October 5, 2009 - Posted by | Culture, Health | , , , , , , , ,


  1. Tarheeltalker: Do all people need health care? Yes,of course, at some point, we all do.

    Goodtimepolitics: I agree with your statement above, but I feel it should be left up to a person desision where to take a gamble to buying insurance or not instead of the government dictating!
    My mother passed at the age of 92 and only went to a hospital ONCE in her lifetime so tell me which would have been more expensive paying for health insurance for 92 years or not? The problem with our health insurance today is people go to the doctor for a hang nail, and once you go to the doctor he wants to see you again and again every one to three months…why?
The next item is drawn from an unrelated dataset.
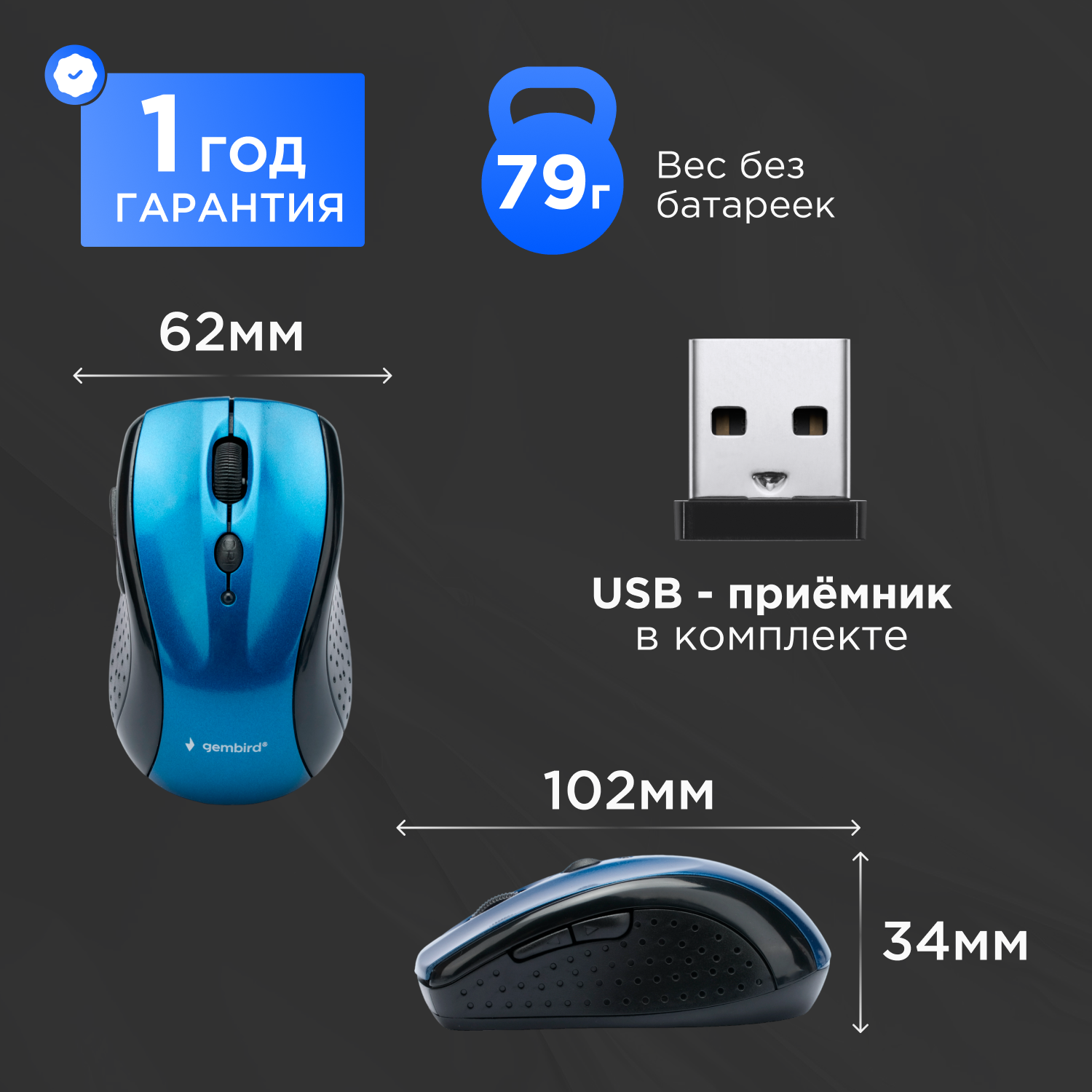 Мышь беспроводная Gembird MUSW-425, 2.4 ГГц, синий глянец, 6 кнопок, 2400DPI

To make money of course!

    Insurance is a gamble for the insurance company and for the person which is what it was meant to be, same as wage insurance, fire insurance or accident insurance, will the government one day dictate to the people that we have to buy all these other insurances?


    Comment by goodtimepolitics | October 5, 2009 | Reply

  2. Interesting point about the government dictating which i believe that they will do, sooner or later. My late father always hated being told he had to have car insurance or homeowner;s insurance. He did not like the government dictating to him.
    By the way, hope you age like your mother-lol

    Comment by Tarheeltalker | October 5, 2009 | Reply

  3. I have along ways to go Tarheeltalker to live a life like my mother. My father passed at the age of around 90 and NEVER was in the hospital or needed a doctor, he passed in 1953. A liitle hard work from sun up til sun down, six days a week and no welfare checks kept them both healthy I would say! 🙂

    What you think about this?
    The federal government is launching a multimillion-dollar investment in plastic slides and monkey bars by using federal stimulus funds to build playgrounds nationwide.
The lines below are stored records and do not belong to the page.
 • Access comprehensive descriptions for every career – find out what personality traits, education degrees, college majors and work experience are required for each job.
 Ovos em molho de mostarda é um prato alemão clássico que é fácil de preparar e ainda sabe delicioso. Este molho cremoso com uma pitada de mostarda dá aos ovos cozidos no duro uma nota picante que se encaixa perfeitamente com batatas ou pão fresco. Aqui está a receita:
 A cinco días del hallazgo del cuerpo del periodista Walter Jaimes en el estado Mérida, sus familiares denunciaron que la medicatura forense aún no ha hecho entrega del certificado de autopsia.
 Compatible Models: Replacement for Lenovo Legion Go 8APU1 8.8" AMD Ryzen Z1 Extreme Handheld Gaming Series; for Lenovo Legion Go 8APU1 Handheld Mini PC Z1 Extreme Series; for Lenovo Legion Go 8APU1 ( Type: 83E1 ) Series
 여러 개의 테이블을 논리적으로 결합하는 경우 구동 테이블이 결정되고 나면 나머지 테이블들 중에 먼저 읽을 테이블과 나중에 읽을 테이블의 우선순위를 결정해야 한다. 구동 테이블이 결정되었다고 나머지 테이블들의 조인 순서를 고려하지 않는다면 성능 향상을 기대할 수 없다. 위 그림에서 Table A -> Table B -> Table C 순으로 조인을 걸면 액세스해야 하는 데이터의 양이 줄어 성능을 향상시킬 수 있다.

    Many of the playgrounds are being installed on the latest type of rubberized surfaces, funded by the $787 billion stimulus law.

    While allowing seniors and low income to go cold this winter when Obama could be helping to insulate their older homes to hold out the cold and keep the heat in! On top of cuting medicare! Can anyone and I say anyone show me any proof that Obama cares about the seniors and low income in America?


    Comment by goodtimepolitics | October 6, 2009 | Reply

  4. Of course, it is good, it’s for the children.

    Comment by Tarheeltalker | October 6, 2009 | Reply

  5. I guess that since Obama wants children to stay in school longer during the summer months that they will need something to play on……instead of book reading with those extra school days. Why didn’t he suggest less teacher days off which is now quite a few?